By Marian Mulkey, Health Affairs
Striking differences by race and ethnicity in community health and public safety outcomes, with worrying implications for America’s youth, have been documented at the county and zip code levels. To address poor outcomes and disparities, philanthropic and public-sector attention has been increasingly directed toward building and sustaining healthy, safe, and equitable communities.
Funders seeking to improve community rather than individual outcomes are looking upstream to address social determinants of health and are focusing on the systems and structures that yield persistent inequities in health outcomes. Growing numbers of funders have adopted health equity as an explicit goal. Funders are also investing in gun violence prevention and in interventions that support community safety.
An inclusive conception of the health and safety outcomes that matter—for communities as well as individuals—calls for fresh thinking about the partners and tactics that can bring positive change.
Engaging and supporting youth as allies to advance community health, equity, and safety is one approach that funders and practitioners often overlook.
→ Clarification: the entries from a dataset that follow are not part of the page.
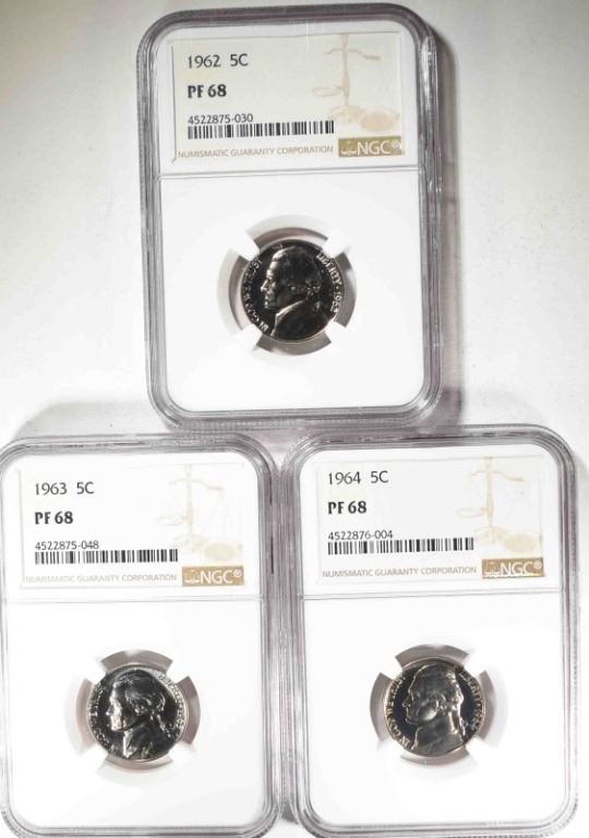 1962, 1963, 1964 JEFFERSON NICKELS NGC PF68
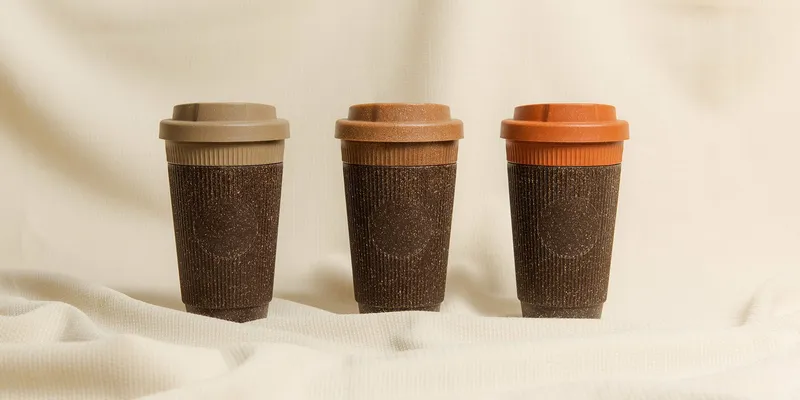 Kaffeeform uses recycled coffee grounds, recycled wood fibers, and plant-based polymers to create sustainable and durable materials, such as cups and glasses. The grounds are collected from Berlin cafes, dried, and processed in a social workshop. They are then combined with discarded wood fibers from the logging industry to form a sturdy yet lightweight material, which can be colored with non-toxic pigments. The entire production process is carried out locally in Germany, promoting sustainability and the circular economy.
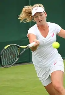 Colleen "CoCo"[1] Vandeweghe (/ˈvændəweɪ/ VAN-də-way)[2] (born Colleen Mullarkey;[3] December 6, 1991) is an American former professional tennis player. A former junior US Open champion and top 10 singles player, she won two WTA Tour titles, both at the Rosmalen Grass Court Championships. In 2017, she reached two major semifinals and the final of the WTA Elite Trophy to enter the top 10, reaching her career-high singles ranking of world No. 9 in January 2018. In addition, Vandeweghe twice reached the quarterfinals at Wimbledon in both 2015 and 2017. Vandeweghe also won one major doubles title, which she won at the 2018 US Open with partner Ashleigh Barty.
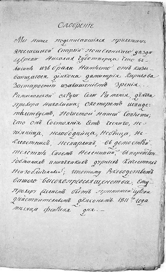 Сохранился типографский бланк «Присяги производимого в диакона», подписанный собственноручно дьячком Прохором Николаевым в 1811 году.
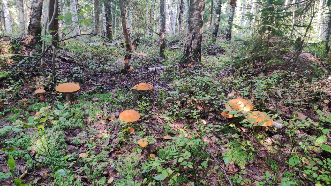 На фотографии изображён участок леса с берёзами и елями, где среди мха и опавших листьев растут грибы с оранжево-коричневыми шляпками. Освещение мягкое, типичное для летнего или раннеосеннего утра. Почва покрыта мхом, листвой и ветками. Кадр передаёт естественную среду обитания лесных грибов в умеренной климатической зоне России. Снимок можно использовать в статьях и изданиях о природе, грибных местах, экологии и флоре лесов.
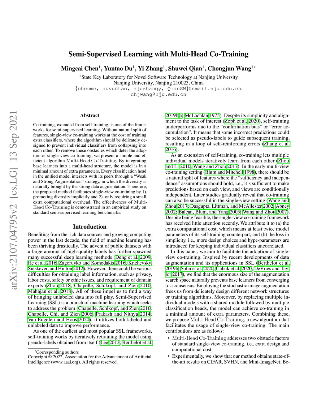 Co-training, extended from self-training, is one of the frameworks for semi-supervised learning. Without natural split of features, single-view co-training works at the cost of training extra classifiers, where the algorithm should be delicately designed to prevent individual classifiers from collapsing into each other. To remove these obstacles which deter the adoption of single-view co-training, we present a simple and efficient algorithm Multi-Head Co-Training. By integrating base learners into a multi-head structure, the model is in a minimal amount of extra parameters. Every classification head in the unified model interacts with its peers through a "Weak and Strong Augmentation" strategy, in which the diversity is naturally brought by the strong data augmentation. Therefore, the proposed method facilitates single-view co-training by 1). promoting diversity implicitly and 2). only requiring a small extra computational overhead. The effectiveness of Multi-Head Co-Training is demonstrated in an empirical study on standard semi-supervised learning benchmarks.
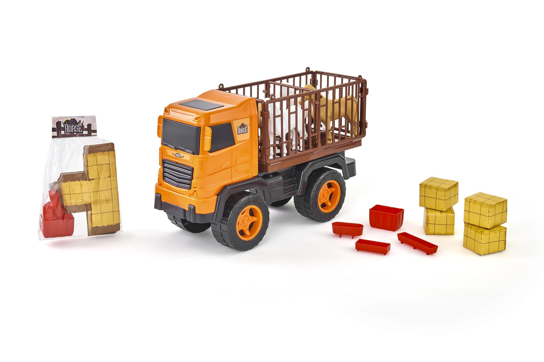 O Truck Horse da Adijomar é um super caminhão fazendeiro pronto para a ação. Ele transporta lindos cavalinhos com segurança na carroceria cercada. Acompanha fardos de feno e acessórios para deixar a brincadeira ainda mais realista.
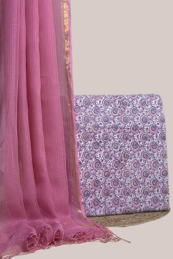 Pink – 2pc Kota Doria Dupatta and Pure Soft Cotton Blockprint Top Fabric Set

They may discount the value of youth as full community members, doubt their readiness to contribute to productive discourse and decision making, or find it simpler to fall back on established power dynamics rather than invest in the cultivation and meaningful involvement of young people.
Yet, youth are often at the front lines in their experience of inequitable, unsafe, and unhealthy conditions, and as a generation, these young people have a long-term stake in community well-being. Youth engagement offers benefits for the young people involved. Available evidence also suggests that involving young people in health and safety efforts can improve community outcomes.
Insights on the untapped potential for youth engagement to improve community health and safety outcomes emerged from an 18-month working group of diverse nonprofits and funders convened by Philanthropy for Active Civic Engagement (PACE) and supported by the Robert Wood Johnson Foundation (RWJF) and the Rita Allen Foundation. Our working group explored strategies and practices for engaging youth to improve health equity, community health outcomes, and public safety. We found many compelling examples in which effective youth engagement improved health and safety not just for the young people involved, but for their communities as a whole.
Youth Engagement: Many Forms, Varied Benefits
In East Los Angeles, youth who were engaged in local advocacy with a neighborhood organization, InnerCity Struggle, helped identify the need for and benefits of trauma-informed mental health services. Their involvement ultimately resulted in adoption of a trauma-informed approach by the Los Angeles Unified School District.
In Cicero, Illinois (an RWJF 2018 Culture of Health Prize Winner), a nonprofit organization named Youth Crossroads works with local police departments, school districts, and social services providers to improve safety and expand opportunity for local young people.
Kentucky’s Prichard Committee Student Voice Team (SVT) works to involve students as partners to improve Kentucky schools. With early support from the Greater Clark Foundation, the SVT developed and tested student-led efforts to boost social cohesion and improve the learning environment for those who may feel least connected to school structures and policies. The process has opened the door to new strategies to address student safety in the wake of recent school shootings.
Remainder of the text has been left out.